AUGUSTA — The Maine Center for Disease Control and Prevention (Maine CDC) was informed this morning, March 13, by MaineHealth that preliminary testing in their lab indicates two more individuals in Maine have tested presumptively positive for the disease caused by the 2019 novel coronavirus (COVID-19), according to a press release.
Those test samples have been sent to the Maine CDC for review and will require confirmation by the U.S. Centers for Disease Control and Prevention.
Maine recorded its first presumptive positive test for COVID-19 on Thursday, March 12. That individual, a woman in her 50s from Androscoggin County, is in self-isolation at her home, the release noted.
The two new preliminary presumptive positive tests are for a woman in her 20s, who is being cared for at Maine Medical Center in Portland, and a man from Cumberland County in his 50s, who was screened at a MaineHealth outpatient clinic and is in self-isolation at home.
Maine CDC staff, working closely with MaineHealth providers, has begun investigating the patients' travel histories under the assumption that the preliminary test results are presumptive positive, per the release.
The immediate concern is for the care and treatment of the individuals who have presumptively tested positive.
Symptoms of COVID-19 include fever, shortness of breath, and lower respiratory distress. Individuals who exhibit those symptoms are advised to contact medical providers before going to a health care facility. Medical providers will make initial determinations about who should be tested.
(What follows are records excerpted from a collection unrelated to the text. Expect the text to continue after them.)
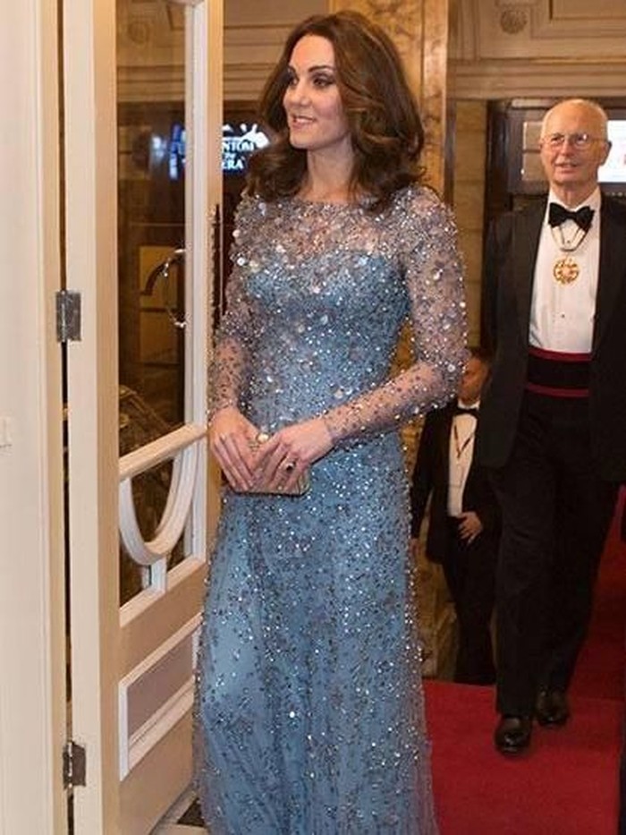 Berbeda dari penampilan Kate biasanya yang kerap dibalut gaun minimalis warna solid, kali ini Duchess of Cambridge tampil jauh lebih glamour. Kate memilih gaun ice-blue yang bertatahkan payet indah di atasnya, sementara Pangeran William dibalut tuksedo hitam yang gagah.
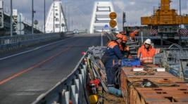 Железнодорожная часть моста должна быть запущена в эксплуатацию в июле, сообщил Хуснуллин. В настоящее время рабочие собирают элементы конструкции моста и готовятся к их монтажу.
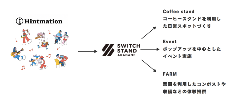 『SWITCH STAND AKABANE』は多機能型コミュニティ拠点『Hintmation』の“なんでもない日に、世界が広がるきっかけを”という想いに寄り添い、コーヒースタンドとしての役割だけでなく、イベントの実施や菜園の運営などを通して、この土地の皆様の暮らしに必要なコーヒースタンドとなれるように運営していきます。
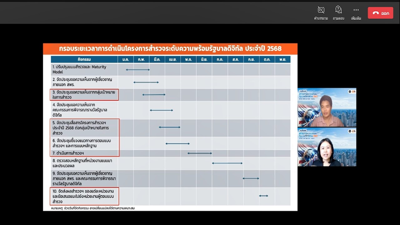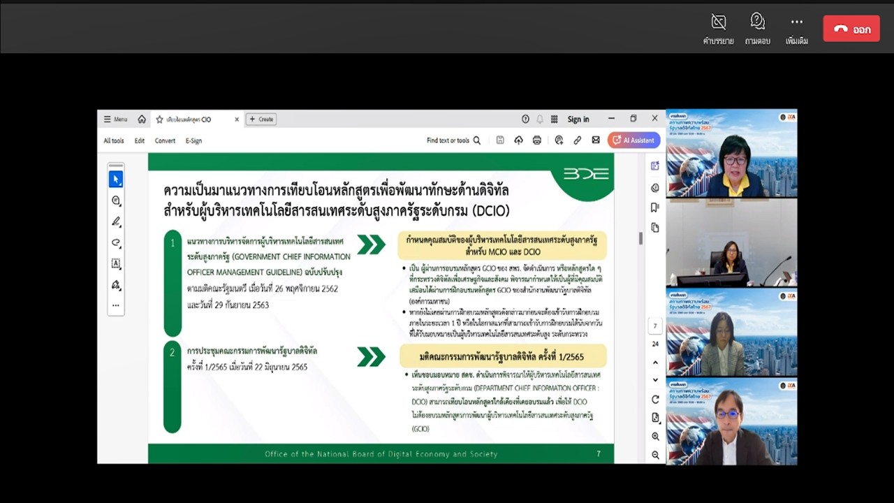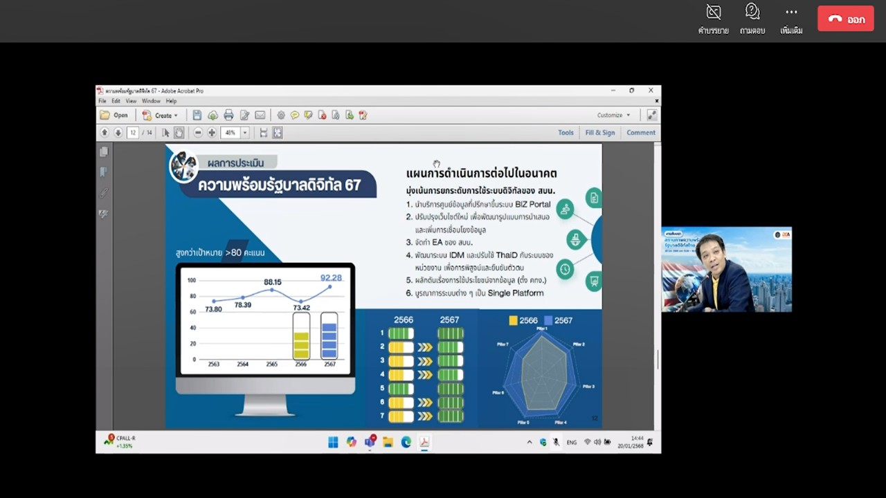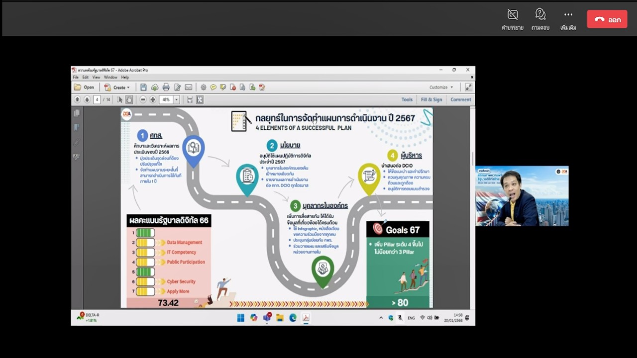 เข้าร่วมงานสัมมนาสถานภาพความพร้อมรัฐบาลดิจิทัลไทย ปี 2567 ผ่านสื่ออิเล็กทรอนิกส์ (สัมมนาผ่านระบบออนไลน์ Microsoft Teams) สำนักงานพัฒนารัฐบาลดิจิทัล (องค์การมหาชน)
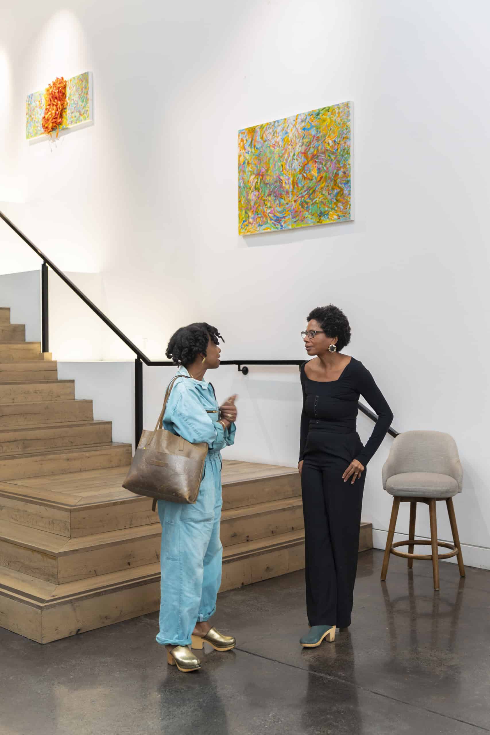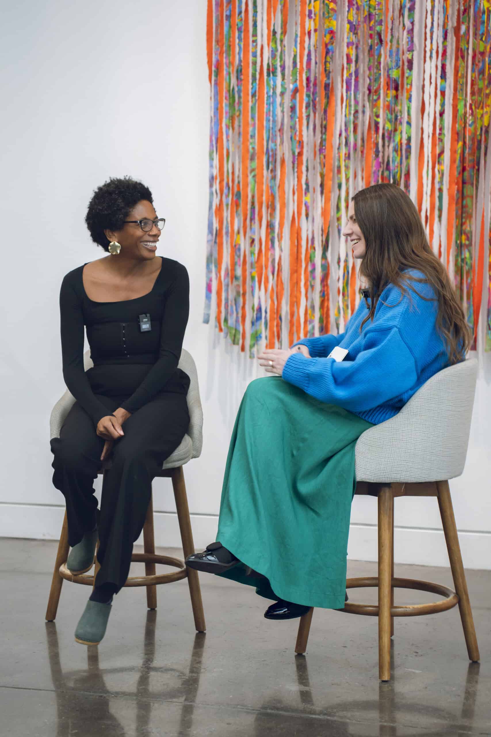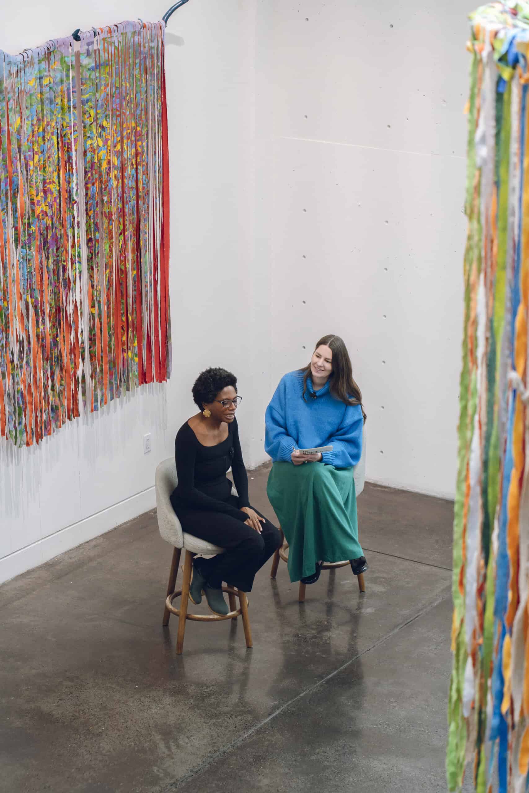 Over lunch, we sat down with Mays for a live conversation that moved fluidly between life and work: raising two now-adult daughters, inspiration found in her new studio in Colombia, and the emotional depth embedded in her practice. She spoke about the personal roots of TORN UP, from honoring her grandfather’s labor as a house painter in the American South to the powerful act of naming—titling her works after names found on slave manifests as gestures of remembrance and reclamation.
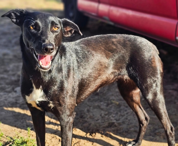 Alizee, Hündin, Windhund Mischling, geboren ca. 05. Oktober 2023 (von einem ungarischen Tierarzt geschätzt), reist kastriert, Schulterhöhe: ca. 55 cm und ca. z.Z. 14-16 Kilo (Hals: 39-43 cm, Brust: 74-78 cm), Vermittlung zu Katzen: ja, wenn diese das Leben mit Hunden kennen. Auf Wunsch wird auch extra nochmals getestet, nur eine Garantie gibt es nicht.
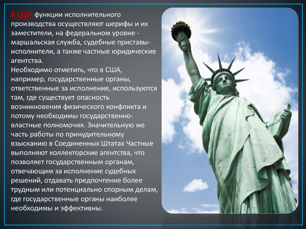 В США функции исполнительногопроизводства осуществляют шерифы и их
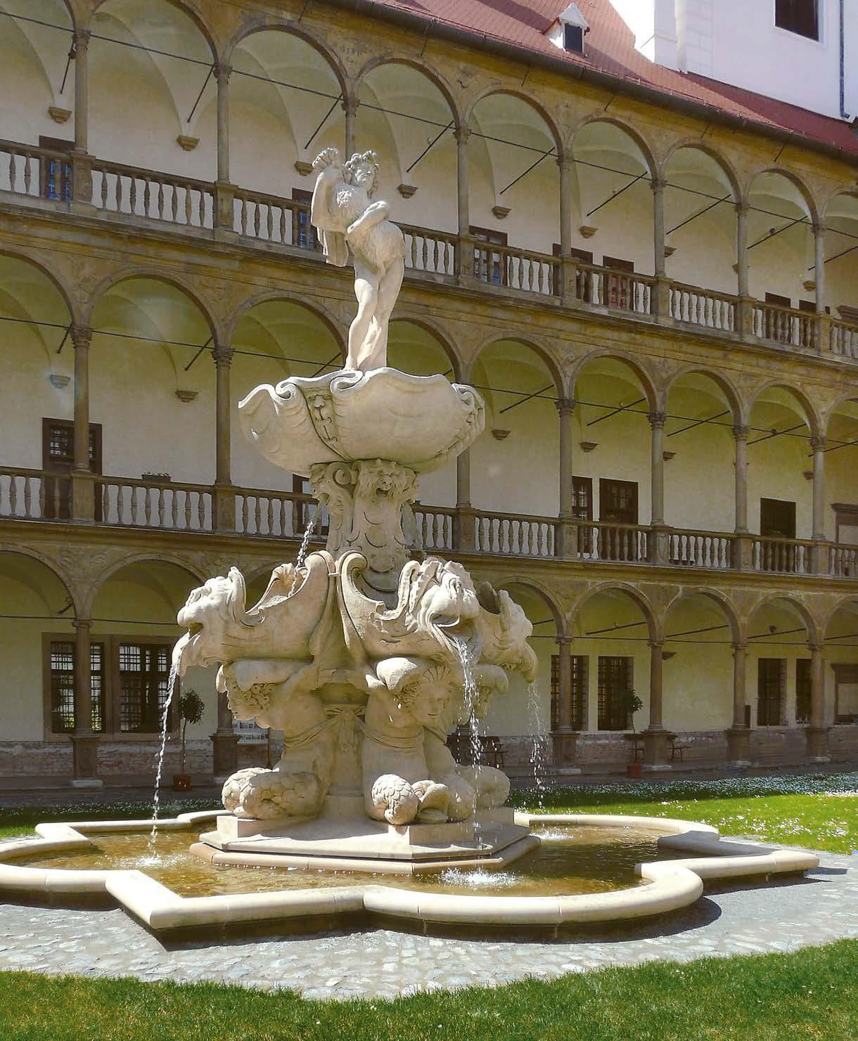 Zajímavá kašna Pietra Materny z roku 1635 patří k vrcholným sochařským dílům moravského i českého manýrismu
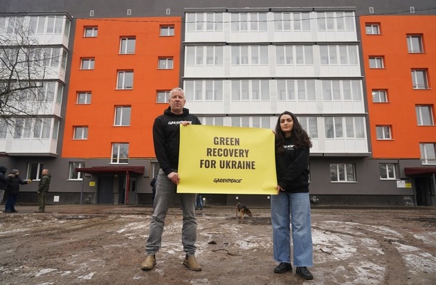 Grüner Wiederaufbau: Greenpeace versorgt ukrainischen Wohnblock mit unabhängiger Wärme
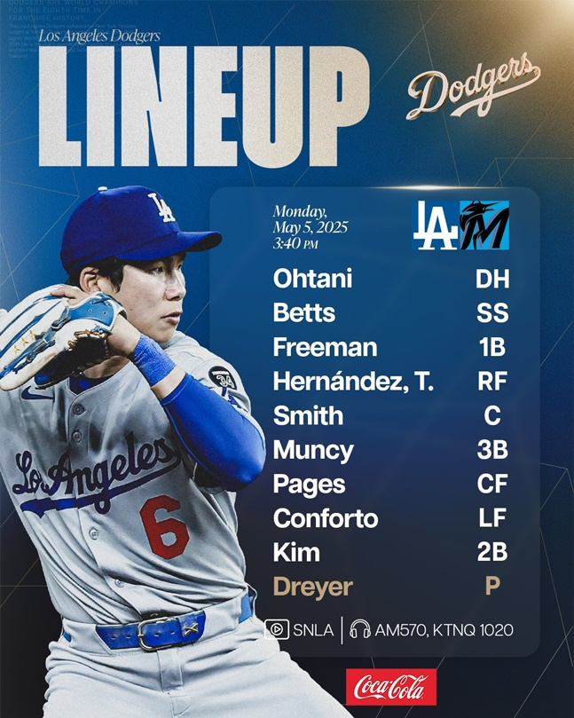 다저스는 6일(한국시간) 미국 플로리다주 마이애미의 론디포 파크에서 열린 마이애미 말린스와 2025 메이저리그 정규시즌 원정경기에서 7-4로 승리했다. 시즌 전적 24승 11패가 된 다저스는 내셔널리그 서부지구 선두를 지키고 있다.

On Thursday, Governor Janet Mills announced three steps in response to the first presumptive positive test for COVID-19 in Maine. These steps include: 1) proclaiming an insurance emergency to improve access to care and require private health insurance plans to cover costs related to coronavirus testing; 2) suspending all non-essential out-of-state work travel by State employees; and 3) recommending, on the advice of Maine CDC, that non-essential large, indoor gatherings of 250 attendees or more be postponed in order to delay a potential coronavirus outbreak and substantially reduce its spread.
Last week, Governor Mills convened a Coronavirus Response Team, led by Maine CDC Director Dr. Nirav Shah and comprised of key individuals in her Administration, to coordinate State government's response across departments and local agencies and health authorities to the threat of COVID-19. The response team builds on the work that has already been done by the Maine CDC to prepare for potential cases of COVID-19.